──────── DATASET SECTION ────────
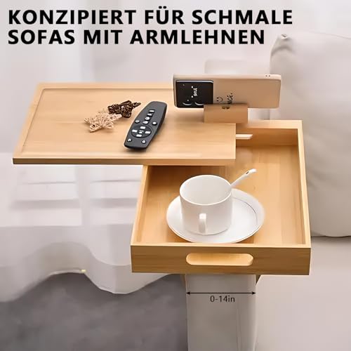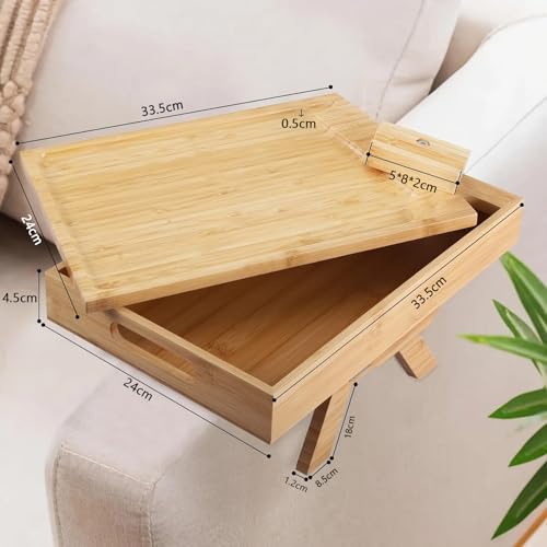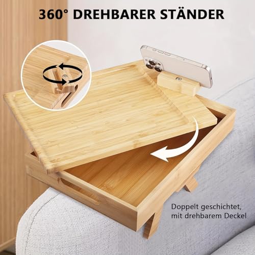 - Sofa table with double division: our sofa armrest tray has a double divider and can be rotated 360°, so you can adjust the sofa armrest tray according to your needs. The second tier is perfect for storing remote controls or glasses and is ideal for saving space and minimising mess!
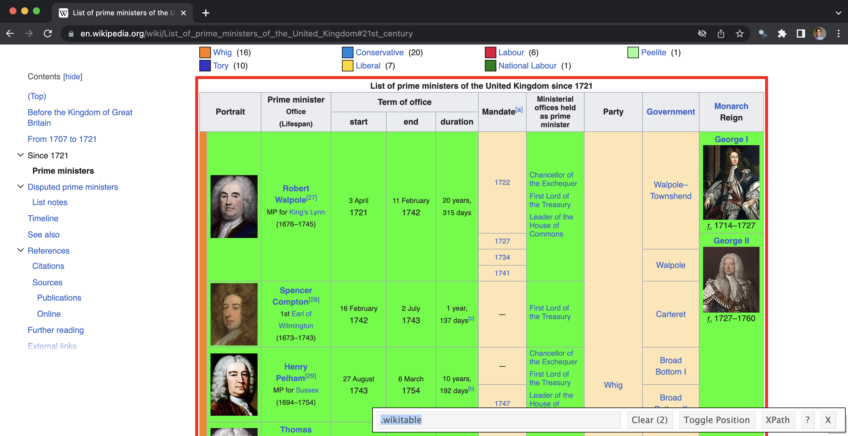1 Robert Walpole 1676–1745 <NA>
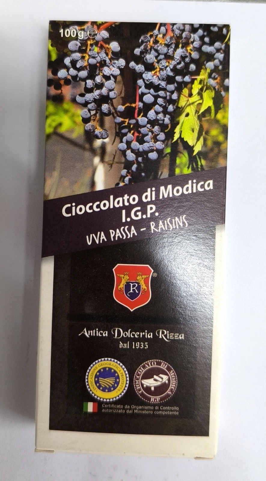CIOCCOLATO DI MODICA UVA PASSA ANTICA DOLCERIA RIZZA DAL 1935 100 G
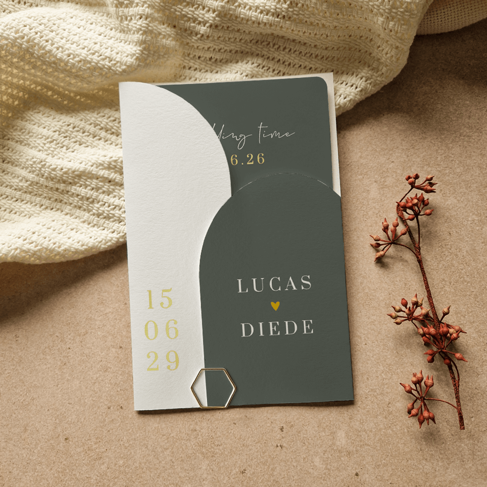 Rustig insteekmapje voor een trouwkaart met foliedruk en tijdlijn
────────
● EXERCISE BRIEF:
Copy out all the data exactly; skip the pictures.

● THE COMPLETED TASK:
 - Sofa table with double division: our sofa armrest tray has a double divider and can be rotated 360°, so you can adjust the sofa armrest tray according to your needs. The second tier is perfect for storing remote controls or glasses and is ideal for saving space and minimising mess!
1 Robert Walpole 1676–1745 <NA>
CIOCCOLATO DI MODICA UVA PASSA ANTICA DOLCERIA RIZZA DAL 1935 100 G
 Rustig insteekmapje voor een trouwkaart met foliedruk en tijdlijn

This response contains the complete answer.